Write the listing out again, all of it, word for word.

- [COLLECTED MATERIAL]
::::::::

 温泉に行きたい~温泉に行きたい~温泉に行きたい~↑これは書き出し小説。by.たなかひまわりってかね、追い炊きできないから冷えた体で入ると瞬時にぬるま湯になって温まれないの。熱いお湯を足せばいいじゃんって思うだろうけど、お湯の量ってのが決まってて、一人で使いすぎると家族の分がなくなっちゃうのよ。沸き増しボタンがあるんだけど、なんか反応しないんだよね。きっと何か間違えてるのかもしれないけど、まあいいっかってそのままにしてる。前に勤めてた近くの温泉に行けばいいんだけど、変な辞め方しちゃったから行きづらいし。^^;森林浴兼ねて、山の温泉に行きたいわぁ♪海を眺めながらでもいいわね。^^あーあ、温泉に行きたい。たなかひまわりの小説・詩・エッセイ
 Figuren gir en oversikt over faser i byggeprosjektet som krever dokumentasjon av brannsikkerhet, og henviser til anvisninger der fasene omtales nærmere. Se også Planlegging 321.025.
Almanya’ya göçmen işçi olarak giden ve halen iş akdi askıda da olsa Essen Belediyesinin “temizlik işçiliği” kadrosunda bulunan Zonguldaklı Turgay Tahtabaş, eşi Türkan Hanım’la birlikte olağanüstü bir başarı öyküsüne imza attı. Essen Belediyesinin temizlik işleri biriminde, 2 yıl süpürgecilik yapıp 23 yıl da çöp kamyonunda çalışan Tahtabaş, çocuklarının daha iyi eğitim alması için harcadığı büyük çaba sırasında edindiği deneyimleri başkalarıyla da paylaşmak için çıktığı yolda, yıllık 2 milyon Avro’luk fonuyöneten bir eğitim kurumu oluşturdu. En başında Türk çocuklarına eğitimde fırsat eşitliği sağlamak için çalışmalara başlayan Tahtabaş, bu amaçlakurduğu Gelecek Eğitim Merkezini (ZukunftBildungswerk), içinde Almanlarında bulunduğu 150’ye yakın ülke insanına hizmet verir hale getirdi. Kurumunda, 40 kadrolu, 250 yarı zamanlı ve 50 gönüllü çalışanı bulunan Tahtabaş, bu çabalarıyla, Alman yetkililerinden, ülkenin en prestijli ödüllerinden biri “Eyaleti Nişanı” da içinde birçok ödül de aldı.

::::::::

- [FINISHED TASK]
 温泉に行きたい~温泉に行きたい~温泉に行きたい~↑これは書き出し小説。by.たなかひまわりってかね、追い炊きできないから冷えた体で入ると瞬時にぬるま湯になって温まれないの。熱いお湯を足せばいいじゃんって思うだろうけど、お湯の量ってのが決まってて、一人で使いすぎると家族の分がなくなっちゃうのよ。沸き増しボタンがあるんだけど、なんか反応しないんだよね。きっと何か間違えてるのかもしれないけど、まあいいっかってそのままにしてる。前に勤めてた近くの温泉に行けばいいんだけど、変な辞め方しちゃったから行きづらいし。^^;森林浴兼ねて、山の温泉に行きたいわぁ♪海を眺めながらでもいいわね。^^あーあ、温泉に行きたい。たなかひまわりの小説・詩・エッセイ
 Figuren gir en oversikt over faser i byggeprosjektet som krever dokumentasjon av brannsikkerhet, og henviser til anvisninger der fasene omtales nærmere. Se også Planlegging 321.025.
Almanya’ya göçmen işçi olarak giden ve halen iş akdi askıda da olsa Essen Belediyesinin “temizlik işçiliği” kadrosunda bulunan Zonguldaklı Turgay Tahtabaş, eşi Türkan Hanım’la birlikte olağanüstü bir başarı öyküsüne imza attı. Essen Belediyesinin temizlik işleri biriminde, 2 yıl süpürgecilik yapıp 23 yıl da çöp kamyonunda çalışan Tahtabaş, çocuklarının daha iyi eğitim alması için harcadığı büyük çaba sırasında edindiği deneyimleri başkalarıyla da paylaşmak için çıktığı yolda, yıllık 2 milyon Avro’luk fonuyöneten bir eğitim kurumu oluşturdu. En başında Türk çocuklarına eğitimde fırsat eşitliği sağlamak için çalışmalara başlayan Tahtabaş, bu amaçlakurduğu Gelecek Eğitim Merkezini (ZukunftBildungswerk), içinde Almanlarında bulunduğu 150’ye yakın ülke insanına hizmet verir hale getirdi. Kurumunda, 40 kadrolu, 250 yarı zamanlı ve 50 gönüllü çalışanı bulunan Tahtabaş, bu çabalarıyla, Alman yetkililerinden, ülkenin en prestijli ödüllerinden biri “Eyaleti Nişanı” da içinde birçok ödül de aldı.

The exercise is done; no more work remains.